Jugend und Ausbildung

Hwang Hye-seong war die erste Tochter ihrer Eltern, die erst nach zehn Jahren Ehe geboren wurde und wuchs daher sehr behütet und umsorgt auf. Ihren Vater bezeichnete sie als ruhig, während ihre geschäftstüchtige Mutter die Mieten eintrieb und den familieneigenen Laden leitete. Aufgezogen wurde Hwang von ihrer Mutter, ihrer Großmutter mütterlicherseits, einer Amme, einem Kindermädchen und einem Mönch, den sie „kahle Mutter“ nannte.[1] Zunächst besuchte sie die Grundschule in Cheonan, wohin sie eigenen Angaben zufolge jeden Tag von einem Diener getragen wurde.[2] Sowohl ihre Mutter als auch ihre Großmutter legten großen Wert auf Bildung, da der Großvater Hwangs Mutter trotz aller Wohlhabenheit den Schulbesuch verweigert hatte. Da Hwang nach Abschluss der Grundschule auf die Mädchenschule in Gongju wechselte, die zu Fuß von Cheonan weit entfert war, kaufte ihre Großmutter ein Haus vor Ort. Ihre Mutter brachte sie mit dem Fahrrad zum Unterricht. Als sie zehn Jahre alt war, wurde ihr jüngerer Bruder geboren.

Auf Anregung ihrer älteren Cousine, die in Japan studierte, wurde auch Hwang dorthin geschickt und besuchte die Chikushi-Mädchenschule in Fukuoka. Trotz anfänglichem Heimweh und Schwierigkeiten mit dem Lernstoff lebte sie sich nach ihrem ersten Semester ein und übernahm einen Posten als Nachhilfelehrerin an der Schule ihrer Cousine. Hier kam sie das erste Mal mit Küchenarbeit in Berührung, da sie für die Kinder Zwischenmahlzeiten zubereiten musste. Trotz ihrer anfänglichen Angst vor den scharfen Küchenmessern entdeckte sie rasch ihre Liebe zum Kochen.

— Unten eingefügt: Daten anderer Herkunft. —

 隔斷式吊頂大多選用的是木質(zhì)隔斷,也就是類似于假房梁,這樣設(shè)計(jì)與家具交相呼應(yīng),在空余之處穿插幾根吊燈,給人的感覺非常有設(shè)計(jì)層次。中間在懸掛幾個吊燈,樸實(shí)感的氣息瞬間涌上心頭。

Nach ihrem Schulabschluss entschied sie sich, an der berufsbildenden Schule in Kyoto Hauswirtschaft zu studieren und lernte dort über japanische und westliche Küche, allerdings nichts über koreanische.[3] Nach erfolgreichem Abschluss kehrte Hwang im Alter von 20 Jahren nach Korea zurück. In Daejeon war in der Zwischenzeit die Daedong High School für koreanische Mädchen gegründet worden und Hwang unterrichtete die Schülerinnen in Gymnastik und Radfahren.[1]

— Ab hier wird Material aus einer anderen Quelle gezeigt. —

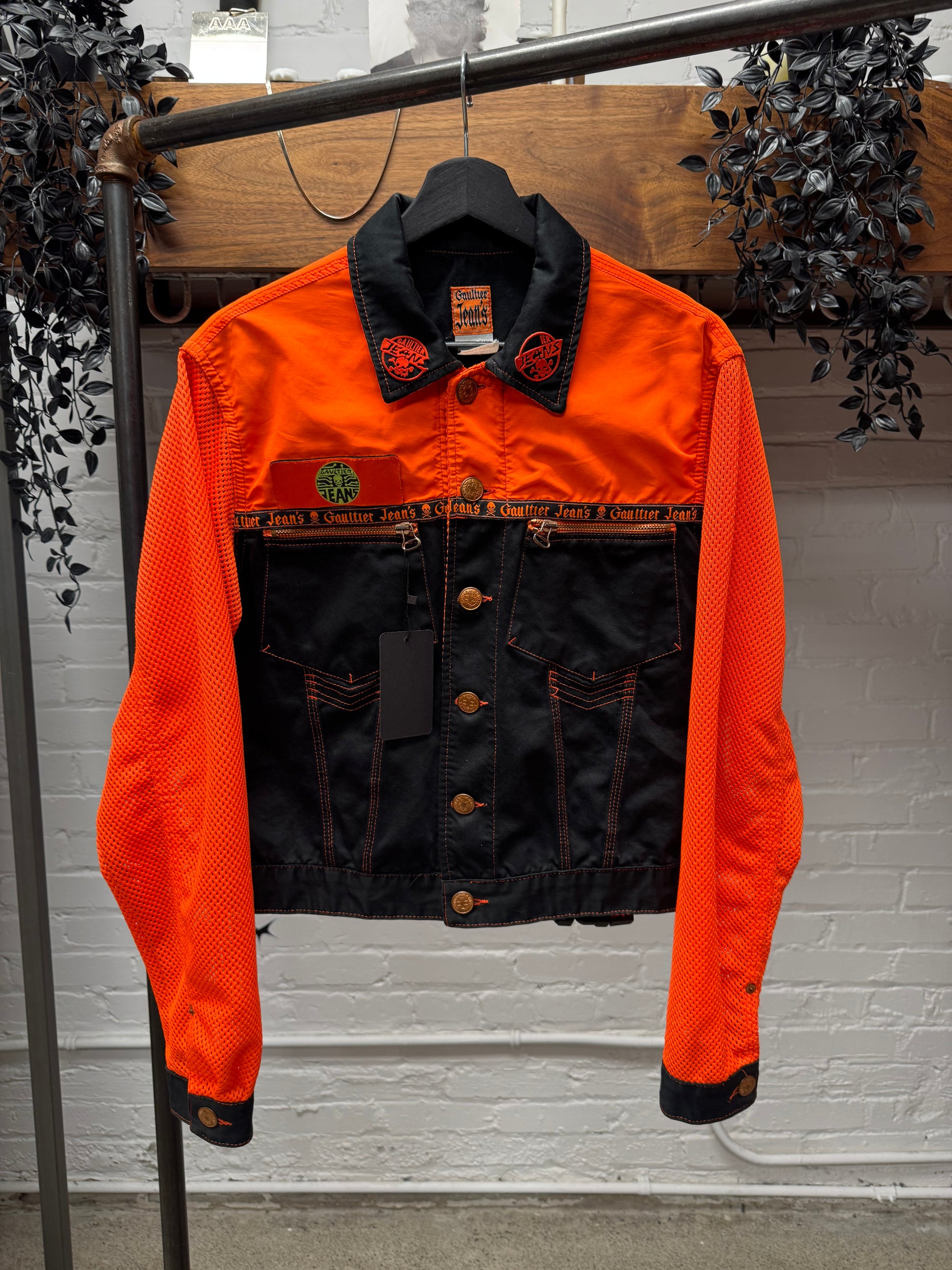 For sale is a Vintage 90s Jean Paul Gaultier Mesh/Denim Hybrid Trucker Jacket

Recherche der koreanischen Hofküche

Nakseonjae, Residenz der Königsfamilie und Ausbildungsort Hwang Hye-seongs

Kurz nach Hwangs Rückkehr starb ihre Großmutter, in den beiden folgenden Jahren auch ihre Eltern. Um sich um ihren Bruder zu kümmern, kündigte Hwang ihre Stelle und übernahm die Leitung des Haushalts.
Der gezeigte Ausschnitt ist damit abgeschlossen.